Bad Schussenried sz
Wer hat an einer nicht beschilderten Kreuzung Vorfahrt? Welche Bedeutung haben die verschiedenen Verkehrszeichen? Wer als Flüchtling nach Deutschland kommt und hier Fahrrad fahren will, muss viele Verkehrsregeln lernen. Der Landkreis Biberach bietet darum in Zusammenarbeit mit der Stadt Biberach und der Deutschen Verkehrswacht in diesem Frühjahr Verkehrsschulungen an.
Mohanad Karim schaut stirnrunzelnd auf das Verkehrsschild direkt vor ihm. Es ist ein „Vorfahrt achten“-Schild. Der Iraker steht mit seinem Fahrrad an einer Kreuzung auf dem Verkehrsübungsplatz in Bad Schussenried und überlegt, ob er als Linksabbieger Vorfahrt hat.
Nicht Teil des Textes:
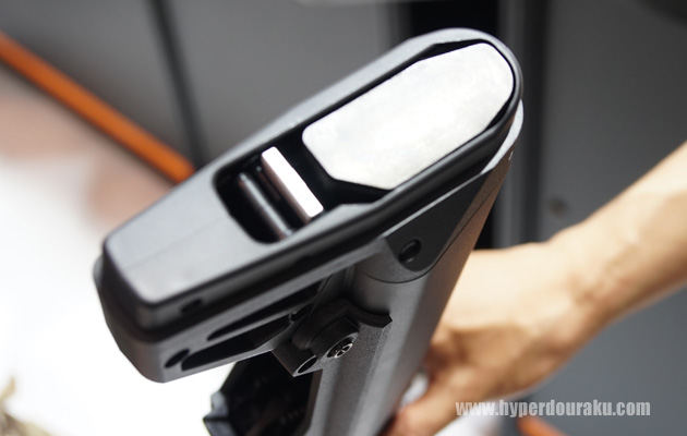 可変ホップアップの調節ダイヤルはL96と同じようなストック底面にある。ダイヤルはクリック感はなく、トルクが重めのシームレスなタイプだった。

Neben ihm steht Andrea Bücheler von der Kreisverkehrswacht. Geduldig erklärt sie ihm, welche Verkehrsregel in einem solchen Fall gelten. „Du musst bis zur Kreuzung fahren, dann nach links und rechts schauen und darauf achten, ob jemand anderes ebenfalls die Kreuzung überqueren will“, sagt sie und bedeutet ihm, weiterzufahren.
Im Irak nie Fahrrad gefahren
Gemeinsam mit Karim fahren noch 20 weitere Flüchtlinge auf dem Verkehrsübungsplatz hin und her und üben, was sie in der Stunde zuvor im theoretischen Teil des Kurses gelernt haben. „Im Irak bin ich fast nie mit dem Fahrrad gefahren“, erklärt Karim. Dort, wo er aufgewachsen ist, würden die meisten Menschen sich entweder mit dem Auto oder mit einem Roller fortbewegen. Dank der vielen ehrenamtlichen Helfer besitzen er und einige der anderen Flüchtlinge, die zurzeit in den beiden Gemeinschaftsunterkünften in Bad Schussenried leben, nun aber Fahrräder.
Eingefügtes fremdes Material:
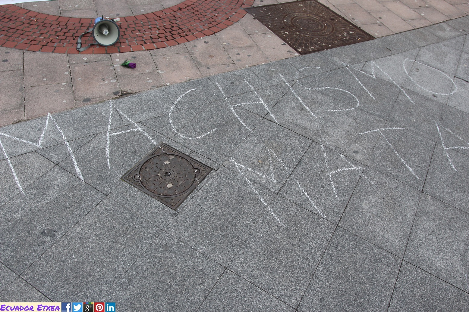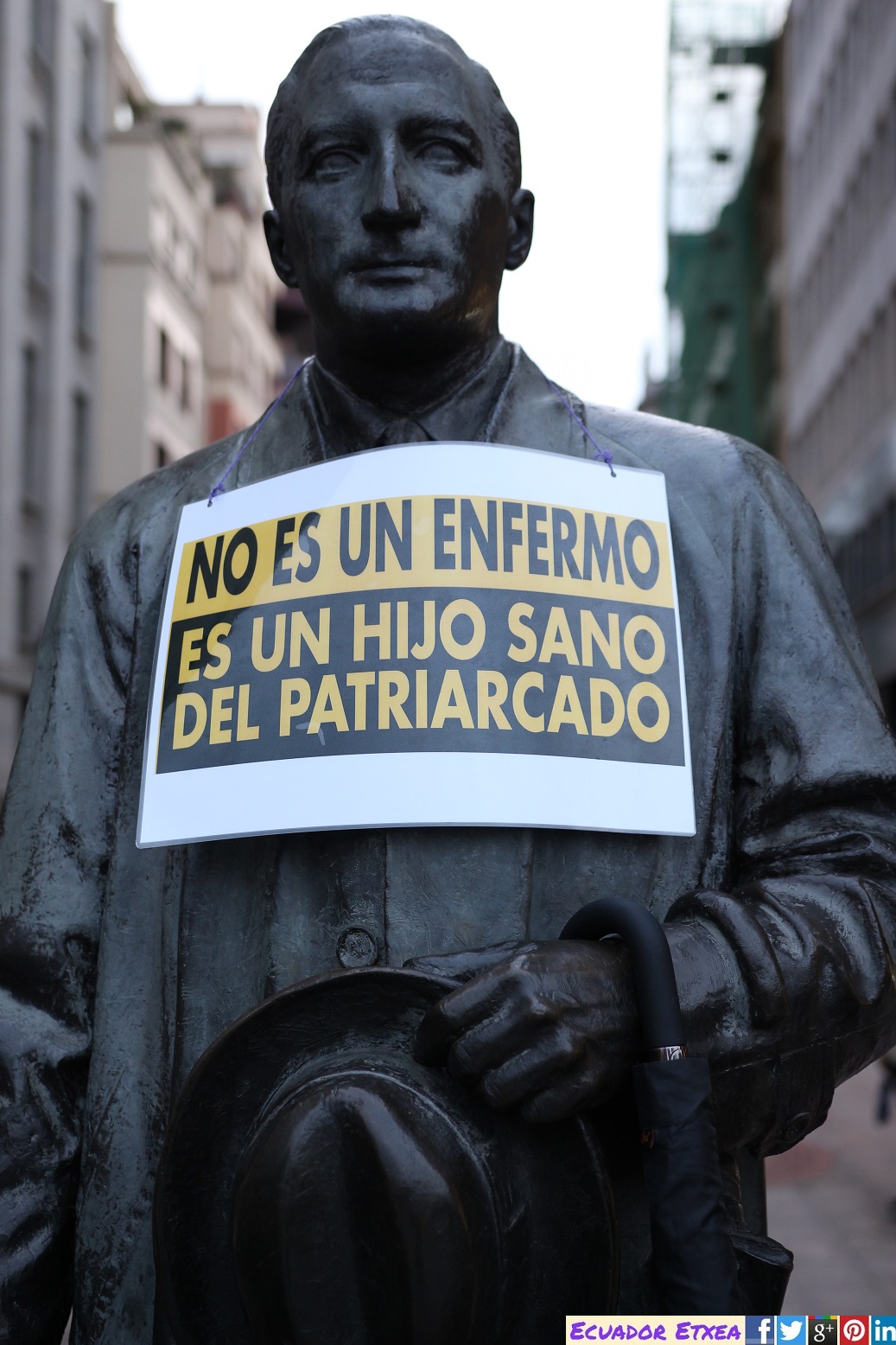 Buenas noches a todas y a todos, gracias por estar aquí, denunciando con vuestra presencia el terrorismo machista. En el pasado año 2017 fueron 70 los cadáveres de mujeres más el de nueve niños y niñas que pesaron sobre las conciencias de estos gobiernos que no hacen absolutamente nada por cambiar esta trágica realidad, 70 seres humanos solo por haber nacido mujeres. Tres en Euskal Herria. Blanca Esther Marqués, en Burlada; Noelia Noemí, en Sestao; Ana Belén Jiménez, en Turiso (Araba); Y Raquel López que fue asesinada en Madrid pero ella era de Eibar.

Auf dem Verkehrsübungsplatz sind an diesem Tag fast genau so viele Flüchtlinge wie Menschen, die sie unterstützen. Eine Sozialarbeiterin ist anwesend, zwei Dolmetscher und einige Ehrenamtliche. Sie alle ermutigen und unterstützen die Flüchtlinge. „Die meisten dieser Flüchtlinge sind inzwischen mindestens ein Jahr in Deutschland, sie sind angekommen und wollen am Leben teilnehmen“, sagt Simone Bleichner, Flüchtlingsbeauftragte des Landkreises Biberach. Dass ein solcher Kurs dringend nötig ist, hätten die vielen Unfälle und Fast-Unfälle gezeigt, die es überall im Landkreis gegeben habe. „Einige der Flüchtlinge, die an den Kursen teilnehmen, zahlen seit Monaten Schäden ab, die sie mit dem Fahrrad verursacht haben“, ergänzt Bleichner. Angemeldet für den heutigen Kurs waren eigentlich nur zehn Flüchtlinge. Doch da das Angebot sich herumgesprochen hat und das Wetter so schön ist, sind deutlich mehr gekommen. „Das sind kulturelle Unterschiede. Sich verbindlich für etwas anzumelden, ist in manchen anderen Ländern nicht so üblich“, erklärt sie.
Auf dem Platz herrscht mittlerweile ein großes Gewusel. Kinder und erwachsene Männer fahren durcheinander, eine Frau mit Kinderwagen steht am Rand und schaut aufmerksam zu. „An die Frauen heranzukommen, ist deutlich schwieriger“, sagt Bleichner. Die meisten von ihnen seien in ihrer Heimat noch nie Fahrrad gefahren, die meisten Männer aus Syrien und Afghanistan hingegen schon.
Am schwierigsten ist für die meisten Flüchtlinge zu verstehen, dass sie in Deutschland mit dem Fahrrad immer am rechten Fahrrand fahren müssen – und dass dort, wo keine Schilder stehen, stets rechts vor links gilt. Zu Beginn der Stunde kurven einige der Teilnehmer noch in einem Schlingerkurs über die gesamte Fahrbahn. Auch dass der Radler in Deutschland eine Hand ausstreckt, um zu signalisieren, dass er abbiegen will, erscheint den meisten wohl zuerst etwas abwegig. Bücheler lässt jedoch keine Zweifel daran aufkommen, wie wichtig es ist, sich im Straßenverkehr korrekt zu benehmen. „Ihr seid Erwachsene. Die Autofahrer denken, dass ihr die Regeln kennt und wenn ihr sie missachtet, seid ihr als Fahrradfahrer in großer Gefahr“, sagt sie in strengem Ton. Das scheint Eindruck zu hinterlassen. Fortan wird – wenigstens etwas – ordentlicher gefahren.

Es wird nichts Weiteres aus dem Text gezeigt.